» DESCRIPTION OF THE TASK
Below are the records; extract from them the line containing "Elevate your holiday" to the line containing "Women's Gray Ribbed cotton-blend top", both lines included, exactly and with no pictures.

» DATA
____

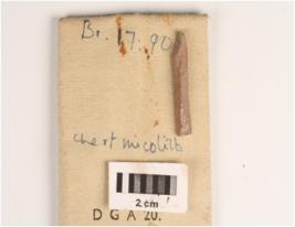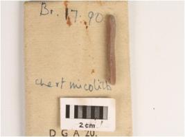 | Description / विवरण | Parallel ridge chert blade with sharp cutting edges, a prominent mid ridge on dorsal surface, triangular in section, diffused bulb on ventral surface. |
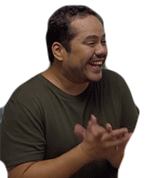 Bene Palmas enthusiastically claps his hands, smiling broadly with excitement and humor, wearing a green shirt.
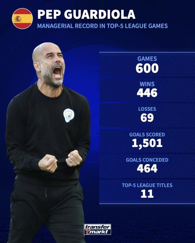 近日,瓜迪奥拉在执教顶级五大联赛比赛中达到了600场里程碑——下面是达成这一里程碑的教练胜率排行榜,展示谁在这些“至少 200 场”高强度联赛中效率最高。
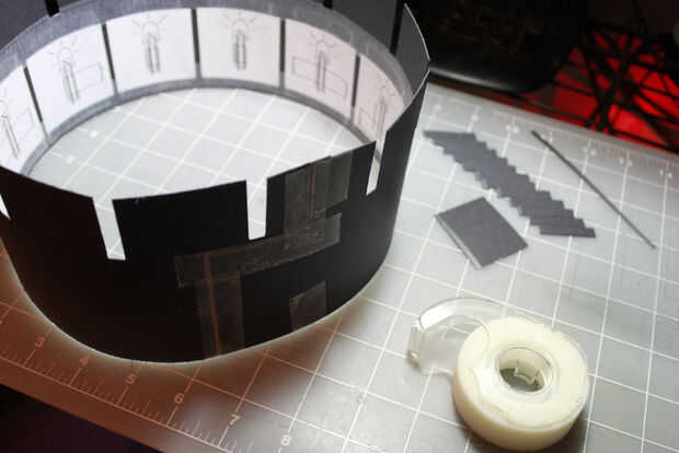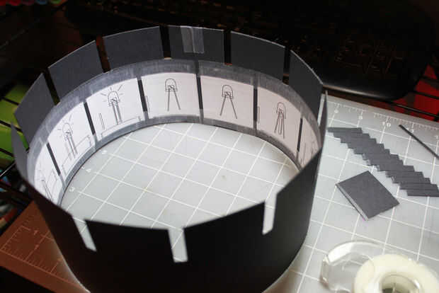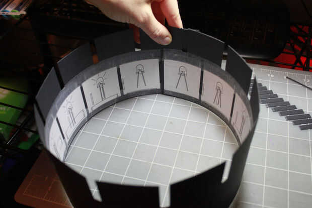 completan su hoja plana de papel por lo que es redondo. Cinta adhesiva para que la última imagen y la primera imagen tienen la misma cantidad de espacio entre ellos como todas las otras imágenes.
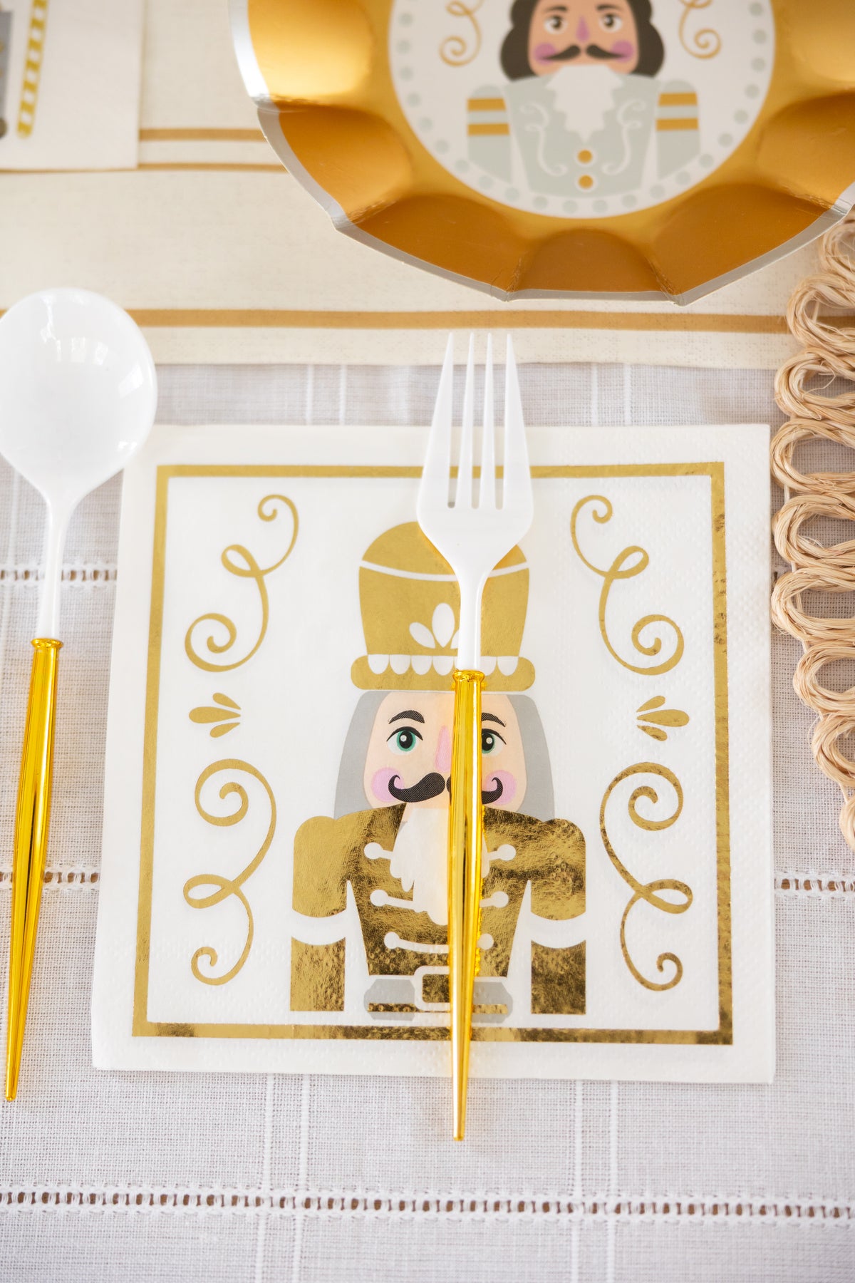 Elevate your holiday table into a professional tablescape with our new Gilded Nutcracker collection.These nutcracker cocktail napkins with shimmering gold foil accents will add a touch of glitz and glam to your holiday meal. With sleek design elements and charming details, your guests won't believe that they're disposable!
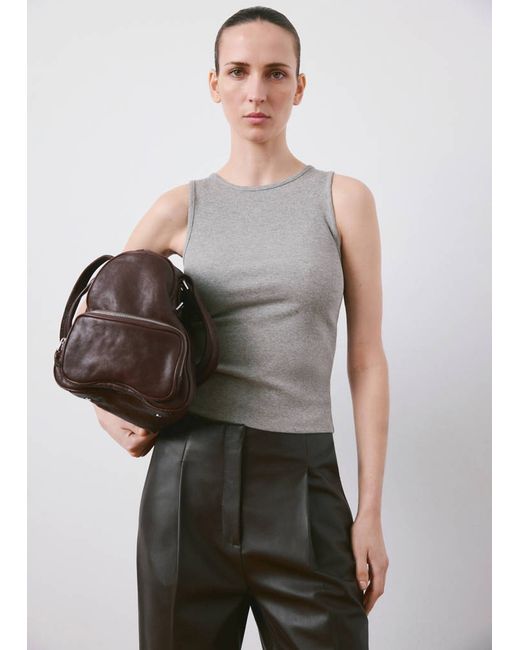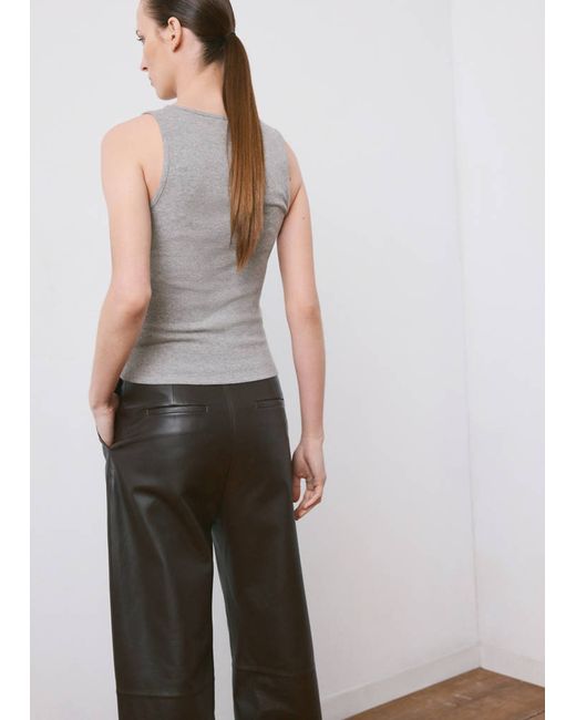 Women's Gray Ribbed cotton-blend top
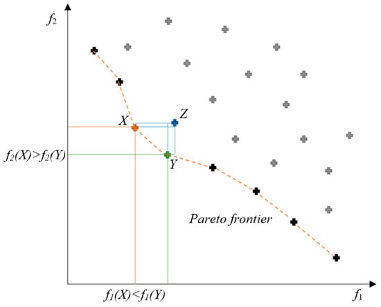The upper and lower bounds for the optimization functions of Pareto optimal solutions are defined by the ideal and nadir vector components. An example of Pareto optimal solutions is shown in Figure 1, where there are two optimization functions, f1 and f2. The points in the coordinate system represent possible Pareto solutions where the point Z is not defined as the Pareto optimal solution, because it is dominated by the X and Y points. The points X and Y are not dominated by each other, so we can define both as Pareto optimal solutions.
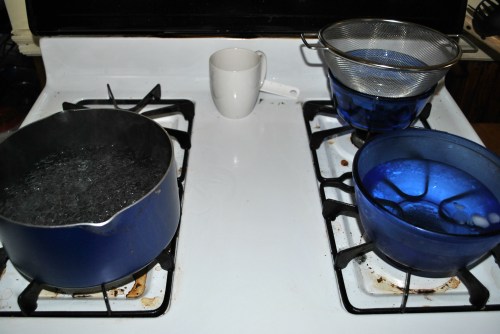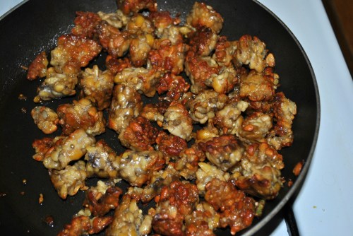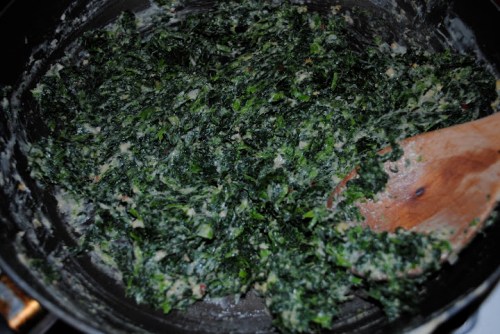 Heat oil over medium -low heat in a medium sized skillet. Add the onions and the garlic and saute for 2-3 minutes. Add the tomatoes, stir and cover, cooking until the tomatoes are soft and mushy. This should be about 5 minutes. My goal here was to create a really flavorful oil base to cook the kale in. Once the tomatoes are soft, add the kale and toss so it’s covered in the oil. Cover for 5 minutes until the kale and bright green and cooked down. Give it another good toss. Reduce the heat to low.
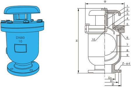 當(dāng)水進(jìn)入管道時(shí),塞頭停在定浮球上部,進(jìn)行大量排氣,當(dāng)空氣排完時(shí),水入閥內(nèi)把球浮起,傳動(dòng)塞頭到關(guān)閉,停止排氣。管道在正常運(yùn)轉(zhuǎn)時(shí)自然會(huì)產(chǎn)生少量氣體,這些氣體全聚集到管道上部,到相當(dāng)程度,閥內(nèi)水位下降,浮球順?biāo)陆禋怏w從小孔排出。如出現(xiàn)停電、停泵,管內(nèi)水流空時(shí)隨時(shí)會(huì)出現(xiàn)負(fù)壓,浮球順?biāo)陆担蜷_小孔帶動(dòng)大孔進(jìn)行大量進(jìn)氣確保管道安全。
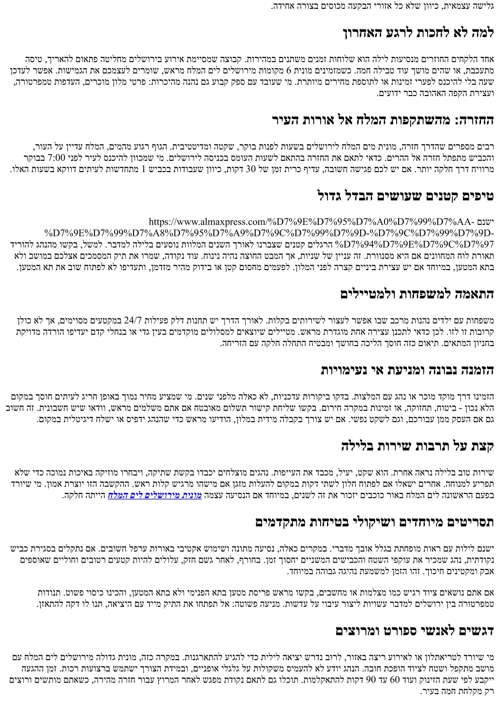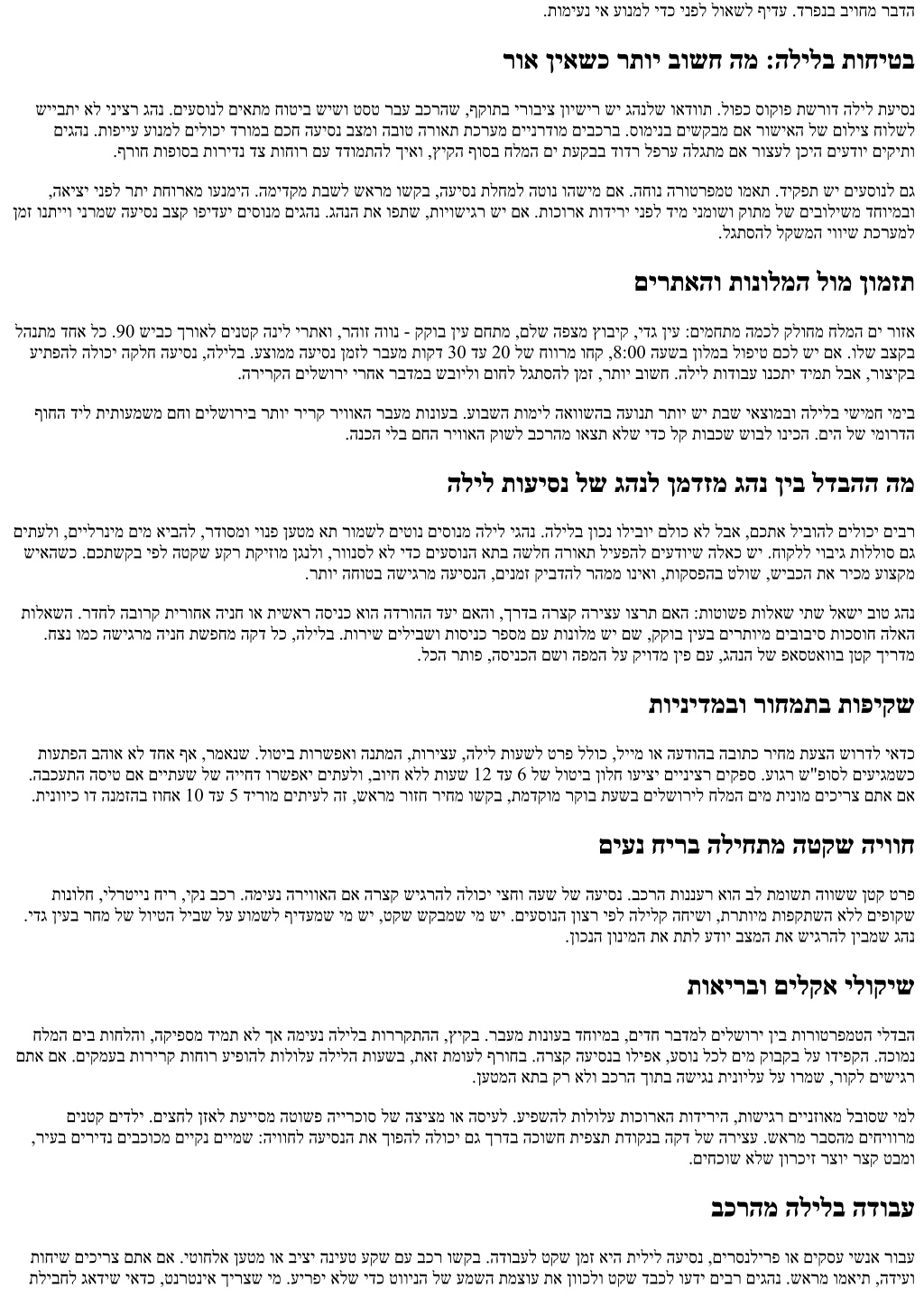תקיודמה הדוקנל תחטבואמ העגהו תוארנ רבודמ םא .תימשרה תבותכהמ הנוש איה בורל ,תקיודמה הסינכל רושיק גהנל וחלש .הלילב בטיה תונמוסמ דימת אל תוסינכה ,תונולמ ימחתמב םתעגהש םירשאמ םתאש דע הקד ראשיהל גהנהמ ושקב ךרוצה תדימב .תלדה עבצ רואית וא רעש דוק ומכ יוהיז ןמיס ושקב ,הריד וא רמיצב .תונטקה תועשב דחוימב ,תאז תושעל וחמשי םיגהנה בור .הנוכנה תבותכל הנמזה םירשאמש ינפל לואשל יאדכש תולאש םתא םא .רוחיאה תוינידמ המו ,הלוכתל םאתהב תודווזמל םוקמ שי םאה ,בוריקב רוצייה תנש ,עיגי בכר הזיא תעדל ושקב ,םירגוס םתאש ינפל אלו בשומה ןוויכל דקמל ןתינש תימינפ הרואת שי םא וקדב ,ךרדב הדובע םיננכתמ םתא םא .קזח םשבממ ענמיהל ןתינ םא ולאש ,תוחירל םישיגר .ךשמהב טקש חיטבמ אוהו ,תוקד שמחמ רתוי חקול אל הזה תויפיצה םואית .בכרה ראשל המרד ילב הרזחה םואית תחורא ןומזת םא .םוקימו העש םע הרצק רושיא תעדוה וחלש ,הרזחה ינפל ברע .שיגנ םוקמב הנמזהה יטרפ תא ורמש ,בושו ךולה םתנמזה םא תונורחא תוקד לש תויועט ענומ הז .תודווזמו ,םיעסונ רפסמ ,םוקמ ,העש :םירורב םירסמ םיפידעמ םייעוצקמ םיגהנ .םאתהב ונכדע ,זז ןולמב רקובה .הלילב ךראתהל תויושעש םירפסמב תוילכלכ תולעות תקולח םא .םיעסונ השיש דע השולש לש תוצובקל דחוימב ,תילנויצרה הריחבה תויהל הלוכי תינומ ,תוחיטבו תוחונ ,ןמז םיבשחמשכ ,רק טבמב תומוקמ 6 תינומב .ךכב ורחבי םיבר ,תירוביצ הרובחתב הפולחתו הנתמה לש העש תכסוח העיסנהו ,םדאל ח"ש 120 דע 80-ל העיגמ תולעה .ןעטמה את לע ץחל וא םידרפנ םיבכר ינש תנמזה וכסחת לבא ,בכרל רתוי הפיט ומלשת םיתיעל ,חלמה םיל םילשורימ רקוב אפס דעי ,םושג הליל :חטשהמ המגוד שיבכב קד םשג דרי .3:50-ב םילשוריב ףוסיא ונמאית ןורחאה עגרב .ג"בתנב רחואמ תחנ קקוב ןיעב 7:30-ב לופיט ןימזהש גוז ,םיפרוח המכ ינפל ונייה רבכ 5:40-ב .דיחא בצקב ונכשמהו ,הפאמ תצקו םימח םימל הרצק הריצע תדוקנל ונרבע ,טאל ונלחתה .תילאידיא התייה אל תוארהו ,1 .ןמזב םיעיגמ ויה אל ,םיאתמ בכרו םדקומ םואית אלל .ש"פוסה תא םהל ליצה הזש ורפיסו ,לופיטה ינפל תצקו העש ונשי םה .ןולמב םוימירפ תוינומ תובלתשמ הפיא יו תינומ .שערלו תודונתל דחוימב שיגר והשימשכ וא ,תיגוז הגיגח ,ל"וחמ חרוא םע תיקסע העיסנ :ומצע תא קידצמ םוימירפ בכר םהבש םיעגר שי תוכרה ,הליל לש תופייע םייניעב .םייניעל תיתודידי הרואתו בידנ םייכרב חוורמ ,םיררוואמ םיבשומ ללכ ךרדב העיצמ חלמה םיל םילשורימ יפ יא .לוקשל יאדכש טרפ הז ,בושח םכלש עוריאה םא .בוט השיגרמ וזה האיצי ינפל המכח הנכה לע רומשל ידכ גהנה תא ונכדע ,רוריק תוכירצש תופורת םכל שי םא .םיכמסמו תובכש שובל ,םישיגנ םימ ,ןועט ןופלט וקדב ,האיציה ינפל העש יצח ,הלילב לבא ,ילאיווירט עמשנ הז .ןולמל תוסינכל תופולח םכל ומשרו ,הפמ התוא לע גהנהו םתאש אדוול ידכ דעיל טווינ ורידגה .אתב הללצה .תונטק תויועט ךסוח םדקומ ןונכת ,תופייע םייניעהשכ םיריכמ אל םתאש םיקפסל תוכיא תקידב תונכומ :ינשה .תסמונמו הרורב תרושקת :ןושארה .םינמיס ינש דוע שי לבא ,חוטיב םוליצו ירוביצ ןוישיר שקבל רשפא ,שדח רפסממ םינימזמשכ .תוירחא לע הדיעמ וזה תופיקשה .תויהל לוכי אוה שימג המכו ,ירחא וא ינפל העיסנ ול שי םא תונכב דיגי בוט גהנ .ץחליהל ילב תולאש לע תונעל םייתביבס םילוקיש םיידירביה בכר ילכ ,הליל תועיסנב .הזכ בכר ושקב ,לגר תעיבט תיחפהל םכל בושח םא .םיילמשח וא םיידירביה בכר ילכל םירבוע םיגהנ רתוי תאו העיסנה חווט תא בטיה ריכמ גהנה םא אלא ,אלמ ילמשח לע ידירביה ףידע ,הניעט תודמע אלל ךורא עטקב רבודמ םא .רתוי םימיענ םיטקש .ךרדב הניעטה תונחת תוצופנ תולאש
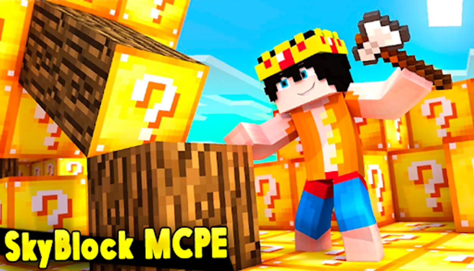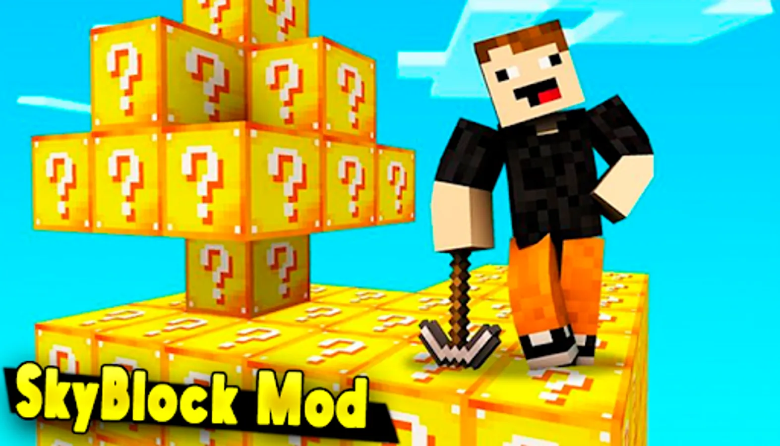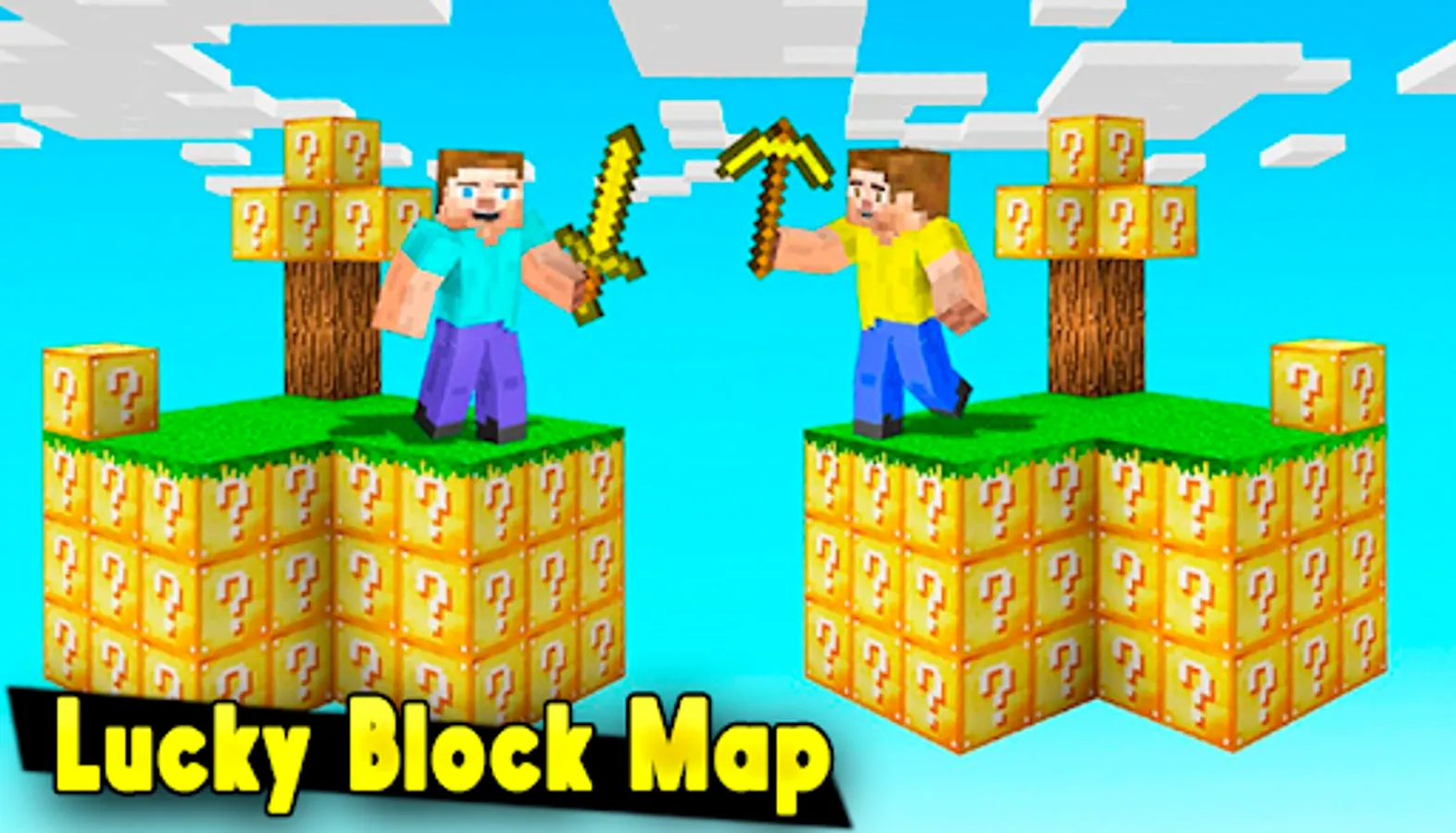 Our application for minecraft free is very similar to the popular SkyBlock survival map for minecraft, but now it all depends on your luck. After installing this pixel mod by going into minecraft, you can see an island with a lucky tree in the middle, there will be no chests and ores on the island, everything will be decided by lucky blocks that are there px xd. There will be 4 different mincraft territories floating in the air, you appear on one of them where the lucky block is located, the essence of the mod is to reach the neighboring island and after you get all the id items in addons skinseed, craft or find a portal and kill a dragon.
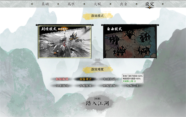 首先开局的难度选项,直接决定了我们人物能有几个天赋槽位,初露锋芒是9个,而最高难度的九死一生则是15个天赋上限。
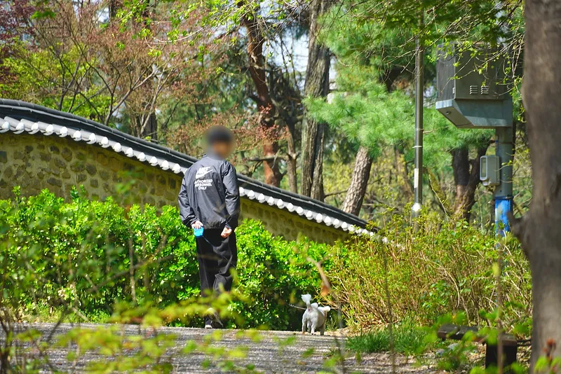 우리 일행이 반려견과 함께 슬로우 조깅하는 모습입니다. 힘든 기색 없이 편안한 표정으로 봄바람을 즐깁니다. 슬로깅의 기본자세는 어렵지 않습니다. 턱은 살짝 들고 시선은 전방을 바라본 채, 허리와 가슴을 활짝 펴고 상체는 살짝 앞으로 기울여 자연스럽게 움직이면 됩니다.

____

» SOLUTION FOR THIS EXERCISE
 Elevate your holiday table into a professional tablescape with our new Gilded Nutcracker collection.These nutcracker cocktail napkins with shimmering gold foil accents will add a touch of glitz and glam to your holiday meal. With sleek design elements and charming details, your guests won't believe that they're disposable!
 Women's Gray Ribbed cotton-blend top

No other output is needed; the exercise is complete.